Throughout the tremor and its aftershocks, she kept a sapphire, emerald, and the nail-destroying onyx in her pocket. Their stories comforted her: a jag looking out on the Black Sea under crystal light; an avian gliding just above its waters; a young woman carried in the murky currents to the Shadows in the ravaged shell of a stone beetle.
These wilder outcasts trusted the stone to protect them. From predators and tremors and quakes, the tremendous tremors occurring every three hundred turns of the sandshell after a series of seven smaller ones. This was the fifth tremor since the last quake, but like the previous four tremors, it was much too early in the interval. If the wilders were concerned about this, they didn't show it. For these outcasts, any disruption to the Known Caverns' rhythms was simply an excuse to make more music. Yet, for all Shay knew, they could be discussing this very problem through the music itself.
When the wilder troupe began anew, their vibrations calmed Shay slightly, and the numbing vine root she'd consumed slightly more. The glowworm skin she chewed on kept her teeth from grinding away. Their song was a reprise on the previous motifs. They were restating their positions. Nim altered his approach to incorporate Ginna's nuances, and Ginna to acknowledge Nim, each affording the other generosity. They even swapped roles and traded back again. Humans couldn't do that so easily.

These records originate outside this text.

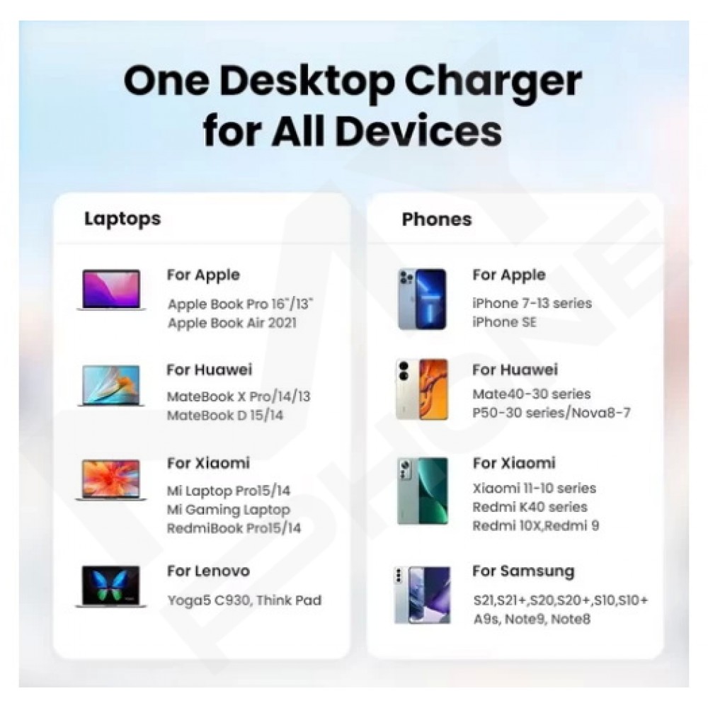 Цей зарядний блок ідеально підходить для ноутбуків, смартфонів, планшетів, бездротових навушників, смартгодинників та інших гаджетів. Підтримка протоколів PD3.1, PD3.0, QC4+, PPS, SCP, FCP гарантує максимальну швидкість заряджання для кожного підключеного пристрою.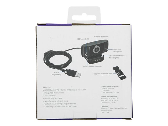 Compatible with most video conferencing software plus simple plug-and-play connection via USB, the Targus Webcam Plus is ideal for anyone looking to step up from the dark, low resolution video quality of typical laptop webcams.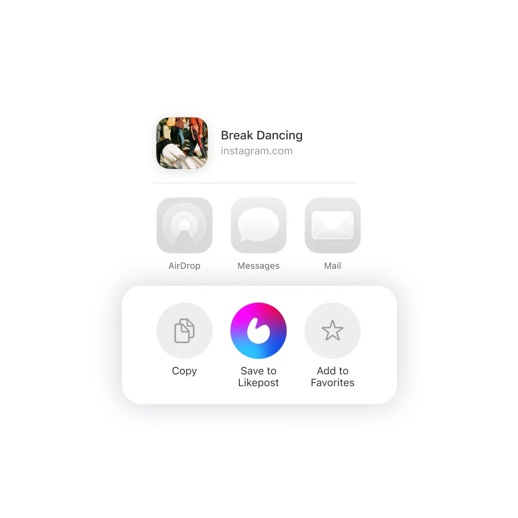Collect places, products, videos, and ideas. Likepost organizes them instantly.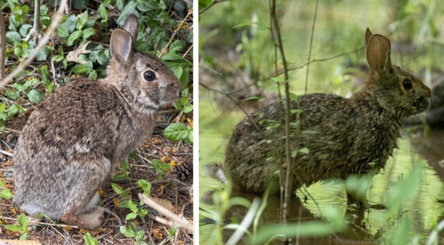 Recognizing the differences between the two species of cottontail rabbits in DFW can begin by noticing their behaviors. Swamp Rabbits are said to be semiaquatic, and they will navigate streams and rivers in a way that is not typical of any other rabbit species in Texas. Swamp Rabbits will readily take to water when fleeing predators–and sometimes even just for a swim. Eastern Cottontails, on the other hand, prefer drier locations, and are not particularly fond of water.

It went on. Shay knew a sense of comfort might only come once the aftershocks ceased. In the Reach, which she had left three intervals prior, Shay heard of islands washed away by bombarding stones ripped from the cavern ceiling. She wondered if her mother and Sewed Lips would survive this one. The half ruby embedded in her shoulder spread lines of warmth, and she knew, at least for now, that they were okay. Sleep eluded Shay. She played with the stories in the sapphire, emerald, and onyx and they blended as inks on her cave paintings. Beneath her Lumos mask, she watched the sand slip from the top end to the receiving container of her sandshell. She breathed. And her heart beat to the rhythm of the wilder tones.